**DATA TO USE:**

• • • • • • •

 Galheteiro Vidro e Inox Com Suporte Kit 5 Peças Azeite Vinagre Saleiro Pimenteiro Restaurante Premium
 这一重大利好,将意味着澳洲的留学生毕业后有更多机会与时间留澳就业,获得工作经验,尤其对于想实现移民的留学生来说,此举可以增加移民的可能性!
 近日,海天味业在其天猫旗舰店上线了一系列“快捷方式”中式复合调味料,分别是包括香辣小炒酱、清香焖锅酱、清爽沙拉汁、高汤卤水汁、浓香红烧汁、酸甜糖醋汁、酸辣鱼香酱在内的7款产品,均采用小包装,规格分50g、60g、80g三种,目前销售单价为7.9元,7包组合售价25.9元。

• • • • • • •

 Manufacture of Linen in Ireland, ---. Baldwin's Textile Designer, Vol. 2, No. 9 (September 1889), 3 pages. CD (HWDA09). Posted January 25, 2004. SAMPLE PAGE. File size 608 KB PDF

• • • • • • •

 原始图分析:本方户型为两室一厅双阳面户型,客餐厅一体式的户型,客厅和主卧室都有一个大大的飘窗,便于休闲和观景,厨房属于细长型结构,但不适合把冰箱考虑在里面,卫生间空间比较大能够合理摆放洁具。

• • • • • • •

Exact duplication is required for the lines above, from the line that contains "Galheteiro Vidro e" to the line that contains "近日,海天味业在其天猫旗舰店", inclusive; omit all others.

**EXERCISE ANSWER:**
 Galheteiro Vidro e Inox Com Suporte Kit 5 Peças Azeite Vinagre Saleiro Pimenteiro Restaurante Premium
 这一重大利好,将意味着澳洲的留学生毕业后有更多机会与时间留澳就业,获得工作经验,尤其对于想实现移民的留学生来说,此举可以增加移民的可能性!
 近日,海天味业在其天猫旗舰店上线了一系列“快捷方式”中式复合调味料,分别是包括香辣小炒酱、清香焖锅酱、清爽沙拉汁、高汤卤水汁、浓香红烧汁、酸甜糖醋汁、酸辣鱼香酱在内的7款产品,均采用小包装,规格分50g、60g、80g三种,目前销售单价为7.9元,7包组合售价25.9元。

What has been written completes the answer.